Meal Prep Plan Snapshot
- Feeds: 2 adults
- Prep Time: About 2 hours
- Meals Covered: About 80% (no weekend meals)
- Weeknight Cooking Required? Moderate (about 10 to 30 minutes of quick cooking)
- Yogurt with fresh fruit and granola
This week’s shopping list is heavy with fall produce and rounded out with beans, whole grains, dairy, and lean meat. It assumes cooking basics like olive oil, salt, and pepper are already on hand.
- Produce: Apples, 1 head of garlic, 3 shallots, 3 lemons, 1 small head radicchio, 1 small red bell pepper, 1 small bunch rosemary, 1 1/2 pounds kale (any variety), 1 1/4 pounds pre-cut butternut squash cubes, 1 yellow onion, 5 ounces baby spinach
- Meat: 1 pound ground turkey
- Refrigerated: 2 large tubs plain whole-milk Greek yogurt, 1 (20-ounce) package fresh cheese tortellini, 4 ounces feta cheese, 1/2 dozen eggs, small chunk Parmesan cheese, 12 ounces whole-milk ricotta, unsalted butter, 1 quart apple cider
- Pantry: Granola, Dijon mustard, 1 (12-ounce) jar marinated artichoke hearts, 1 large jar pitted Kalamata olives, dried oregano, 1 (24-ounce) jar marinara sauce, brown sugar or maple syrup, whole-grain mustard, balsamic or apple cider vinegar, 2 (15-ounce) cans white beans, red pepper flakes, 1 (14-ounce) can diced tomatoes
- Other: Whole-grain sourdough bread
Power Hour: How to Get the Prep Done
- Assemble the white bean soup: Make the white bean soup according to recipe instructions. Let cool while you prepare the squash.
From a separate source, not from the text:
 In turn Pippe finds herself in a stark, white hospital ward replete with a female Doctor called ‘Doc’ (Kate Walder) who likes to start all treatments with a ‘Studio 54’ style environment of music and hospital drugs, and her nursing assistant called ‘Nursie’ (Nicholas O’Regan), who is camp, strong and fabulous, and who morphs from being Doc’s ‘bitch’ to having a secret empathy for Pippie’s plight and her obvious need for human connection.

Once cool, cover and refrigerate.
- Braise the squash: Prepare the braised squash recipe through step 3 (up until you toast the bread). Once cool, refrigerate in an airtight container.
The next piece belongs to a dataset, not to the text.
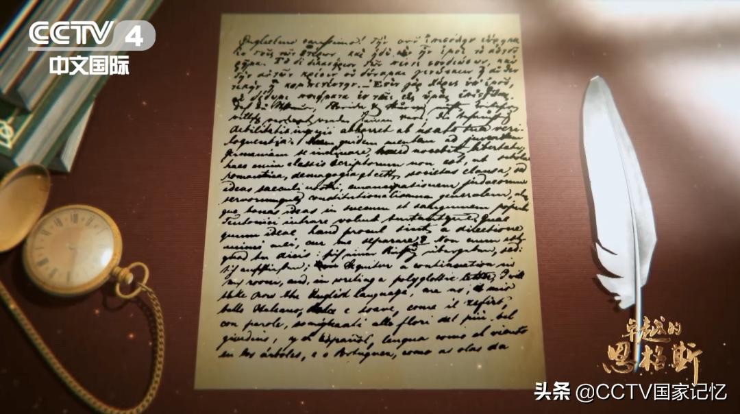 ▼图:恩格斯写给中学好友格雷培的一封信,信中包含德文、英文、法文等9种语言,显示出了超人的语言天赋
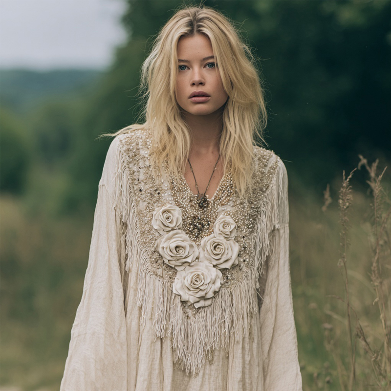 Vintage Boho Roses Embroidered Tassel Linen Tunic

- Make the tortellini salad: While the squash is cooking, bring a large pot of salted water to a boil for the tortellini salad. Prepare the tortellini salad recipe according to the instructions. Refrigerate in individual serving containers or one large airtight container.
- Prepare the meatballs: Make and shape the turkey meatballs according to recipe instructions up to step 3 (do not cook). Tip: To add more fiber to the meatballs, use two small slices of whole-grain sourdough with the crusts removed in place of the white sandwich bread to make the breadcrumbs used in the meatball mixture. Refrigerate in a single layer in an airtight container.
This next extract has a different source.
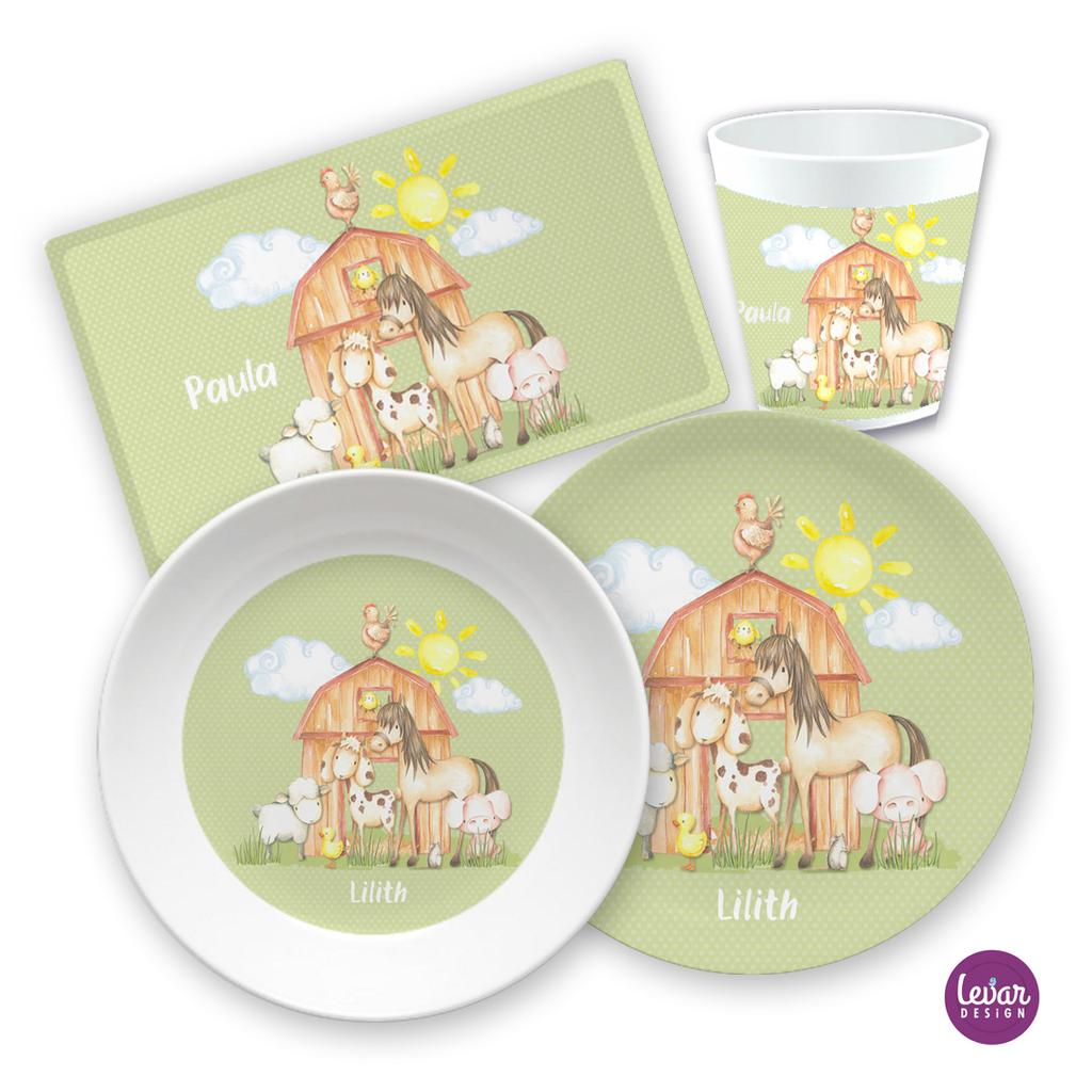 Kindergeschirr Set mit Namen personalisiert, Bauernhof- 4 teilig

A Week of Fall-Inspired Mediterranean Meals
Have a bowl of Greek yogurt with granola and an apple.
- Monday, Tuesday, and Thursday: Dig into a serving of tortellini salad.
- Wednesday and Friday: Warm the leftover braised squash from Tuesday’s dinner and serve it with a big dollop of ricotta and a slice of toasted whole-grain sourdough bread.
- Monday, Turkey Meatballs Over Garlicky Kale: Pan-fry the meatballs, then simmer them in marinara sauce until cooked through, according to recipe instructions. While they simmer, prepare the full recipe of sautéed kale. Enjoy half of the turkey meatballs over half of the kale and refrigerate leftovers for Thursday.
- Tuesday, Ricotta Toast with Cider-Braised Squash: Warm about a third of the braised squash in the microwave and prepare two thick slices of whole-grain sourdough bread according to recipe instructions.
- Wednesday, Mediterranean White Bean Soup: Scoop half of the white bean soup into a small saucepan and warm over medium heat until simmering. Serve with toasted slices of whole-grain sourdough bread.
- Thursday, Leftover Turkey Meatballs over Garlicky Kale: Reheat servings of the leftover meatballs and kale in the microwave.
- Friday, Leftover Mediterranean White Bean Soup: Reheat the rest of the white bean soup, toast slices of whole-grain sourdough bread, and enjoy one more night of easy leftovers.